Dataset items
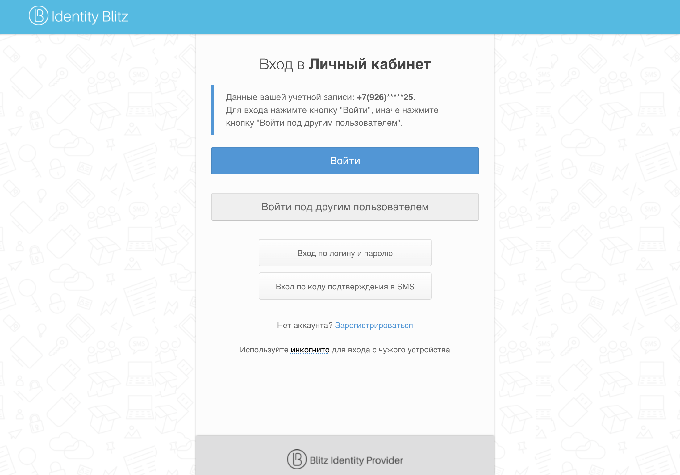 В зависимости от настроек Blitz Identity Provider, установленных организацией, пользователю может быть доступен вход с помощью автоматической идентификации. В этом случае одно или несколько свойств сессии пользователя будут автоматически вычислены Blitz Identity Provider, по ним найдена соответствующая учетная запись и предоставлен доступ в систему. Частным случаем входа с помощью автоматической идентификации является вход по номеру телефона, автоматически определенному по IP-адресу пользователя мобильного интернета.
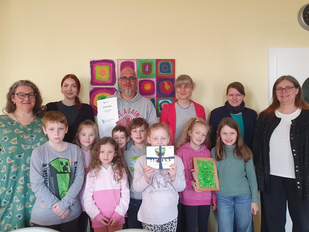 Geschäftsführerin Regina Kastner und Pfarrerin Sandra Herold überreichten die Urkunde und ein Geschenk und dankten besonders für die besonnene und ausgewogene Leitungskultur in den beiden Horten. Frau Schobert begann ihren Dienst gleichzeitig mit der Neugründung der „Kleinen Einsteins“ und arbeitete intensiv an der kontinuierlichen Fortschreibung der Konzeptionen und an der Teambildung in den beiden Einrichtungen.
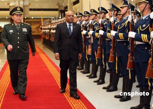 2月19日下午,國務(wù)委員兼國防部長梁光烈上將在北京八一大樓與來訪的馬爾代夫國防與國家安全部長費(fèi)薩爾舉行會談,會談前梁光烈上將陪同費(fèi)薩爾檢閱解放軍三軍儀仗隊(duì)。中新社發(fā) 宋吉河 攝
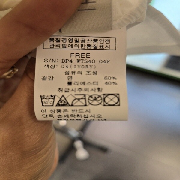 | 1. 제품 소재 (섬유의 조성 또는 혼용률을 백분율로 표시, 기능성인 경우 성적서 또는 허가서) | 면60%,폴리에스터40% |
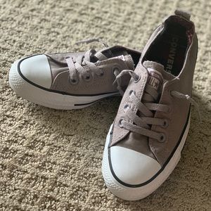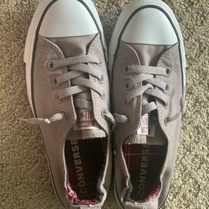 Grey converse with maroon plaid material inside. The ankles are wrinkled because they are a fit to your foot type of converse where you don’t have to tie the laces. Slip on converse, in great condition. Only been worn once or twice.
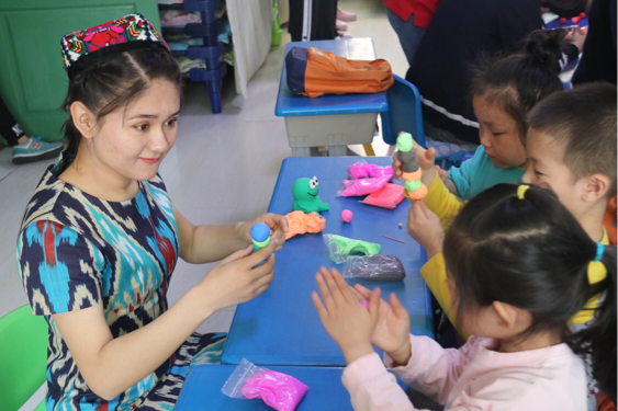 教育系學(xué)前教育專業(yè)師生們來到平房區(qū)哈爾濱世紀(jì)幼兒園,與小朋友們近距離溝通互動(dòng),一起做游戲,做手指操,捏黏土,捏出了各種小動(dòng)物和水果的形狀,體驗(yàn)做幼師的快樂。學(xué)生們充分利用這次活動(dòng)機(jī)會(huì),將課堂與實(shí)際相結(jié)合,檢驗(yàn)知識(shí)技能學(xué)習(xí)情況,深入體驗(yàn)未來工作崗位,成就自己的幼師夢(mèng)想。在游戲的組織、節(jié)目的編排、與幼兒和與家長溝通交流等環(huán)節(jié)中,受到了幼兒園老師的一致好評(píng)。
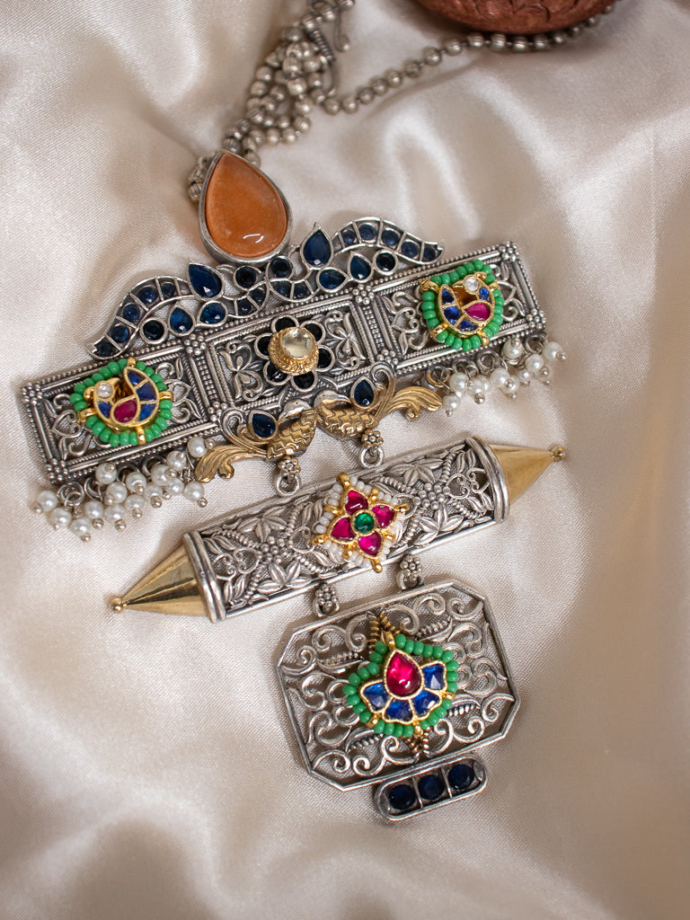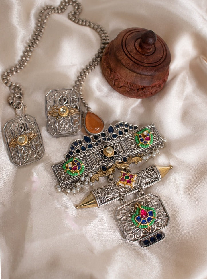 - Fabriqué en laiton de haute qualité avec finition argent allemand. Les motifs sont des pachi kundan en métal cuivré.
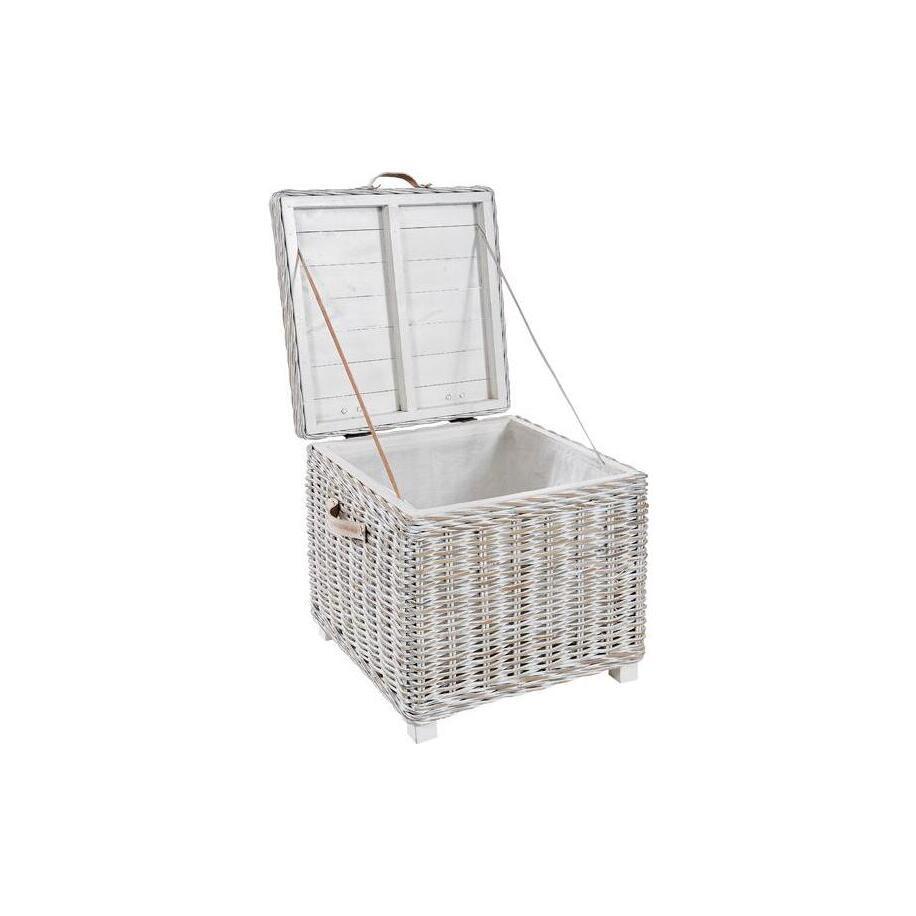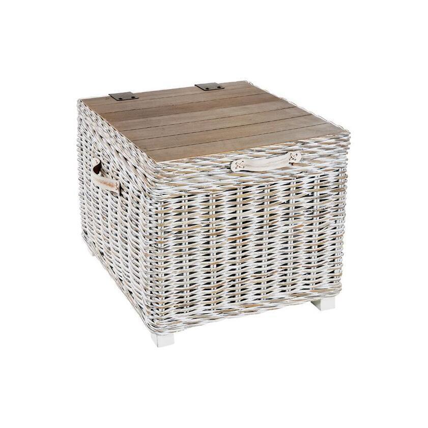 Storage side table made from whitewash kubooo rattan with grey wash wood top. Part of the Maya White Collection.
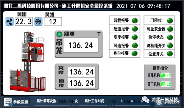 采用工業(yè)高亮度彩色液晶顯示器,10寸超大顯示界面,支持實時記錄重量、高度、風速、限位等數(shù)據(jù),并提供預(yù)警、報警信息,實現(xiàn)升降機的全方位保護。
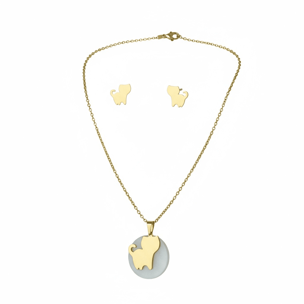 Conjunto Colar e Brincos em Aço Dourado – Tema Gato
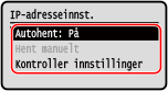 2 | Konfigurer innstillingen for automatisk innhenting etter behov. [Velg protokoll] Vanligvis stilt inn til [DHCP]. Når [DHCP] imidlertid er stilt inn i et miljø der DHCP ikke kan brukes, vil maskinen fortsette å bekrefte automatisk innhenting i nettverket, noe som fører til unødvendig kommunikasjon. Når du ikke bruker DHCP, stiller du denne inn til [Av]. [Auto-IP] Vanligvis stilt inn til [På]. Selv om prioritet gis til IP-adresser som er tildelt med DHCP, vil automatisk IP bli brukt hvis det ikke kommer respons fra DHCP. |

- [Problem statement]: Before duplicating the entries above, strip out the pictures and keep the rest exact.

- [Answer to this exercise]:
 В зависимости от настроек Blitz Identity Provider, установленных организацией, пользователю может быть доступен вход с помощью автоматической идентификации. В этом случае одно или несколько свойств сессии пользователя будут автоматически вычислены Blitz Identity Provider, по ним найдена соответствующая учетная запись и предоставлен доступ в систему. Частным случаем входа с помощью автоматической идентификации является вход по номеру телефона, автоматически определенному по IP-адресу пользователя мобильного интернета.
 Geschäftsführerin Regina Kastner und Pfarrerin Sandra Herold überreichten die Urkunde und ein Geschenk und dankten besonders für die besonnene und ausgewogene Leitungskultur in den beiden Horten. Frau Schobert begann ihren Dienst gleichzeitig mit der Neugründung der „Kleinen Einsteins“ und arbeitete intensiv an der kontinuierlichen Fortschreibung der Konzeptionen und an der Teambildung in den beiden Einrichtungen.
 2月19日下午,國務(wù)委員兼國防部長梁光烈上將在北京八一大樓與來訪的馬爾代夫國防與國家安全部長費(fèi)薩爾舉行會談,會談前梁光烈上將陪同費(fèi)薩爾檢閱解放軍三軍儀仗隊(duì)。中新社發(fā) 宋吉河 攝
 | 1. 제품 소재 (섬유의 조성 또는 혼용률을 백분율로 표시, 기능성인 경우 성적서 또는 허가서) | 면60%,폴리에스터40% |
 Grey converse with maroon plaid material inside. The ankles are wrinkled because they are a fit to your foot type of converse where you don’t have to tie the laces. Slip on converse, in great condition. Only been worn once or twice.
 教育系學(xué)前教育專業(yè)師生們來到平房區(qū)哈爾濱世紀(jì)幼兒園,與小朋友們近距離溝通互動(dòng),一起做游戲,做手指操,捏黏土,捏出了各種小動(dòng)物和水果的形狀,體驗(yàn)做幼師的快樂。學(xué)生們充分利用這次活動(dòng)機(jī)會(huì),將課堂與實(shí)際相結(jié)合,檢驗(yàn)知識(shí)技能學(xué)習(xí)情況,深入體驗(yàn)未來工作崗位,成就自己的幼師夢(mèng)想。在游戲的組織、節(jié)目的編排、與幼兒和與家長溝通交流等環(huán)節(jié)中,受到了幼兒園老師的一致好評(píng)。
 - Fabriqué en laiton de haute qualité avec finition argent allemand. Les motifs sont des pachi kundan en métal cuivré.
 Storage side table made from whitewash kubooo rattan with grey wash wood top. Part of the Maya White Collection.
 采用工業(yè)高亮度彩色液晶顯示器,10寸超大顯示界面,支持實時記錄重量、高度、風速、限位等數(shù)據(jù),并提供預(yù)警、報警信息,實現(xiàn)升降機的全方位保護。
 Conjunto Colar e Brincos em Aço Dourado – Tema Gato
 2 | Konfigurer innstillingen for automatisk innhenting etter behov. [Velg protokoll] Vanligvis stilt inn til [DHCP]. Når [DHCP] imidlertid er stilt inn i et miljø der DHCP ikke kan brukes, vil maskinen fortsette å bekrefte automatisk innhenting i nettverket, noe som fører til unødvendig kommunikasjon. Når du ikke bruker DHCP, stiller du denne inn til [Av]. [Auto-IP] Vanligvis stilt inn til [På]. Selv om prioritet gis til IP-adresser som er tildelt med DHCP, vil automatisk IP bli brukt hvis det ikke kommer respons fra DHCP. |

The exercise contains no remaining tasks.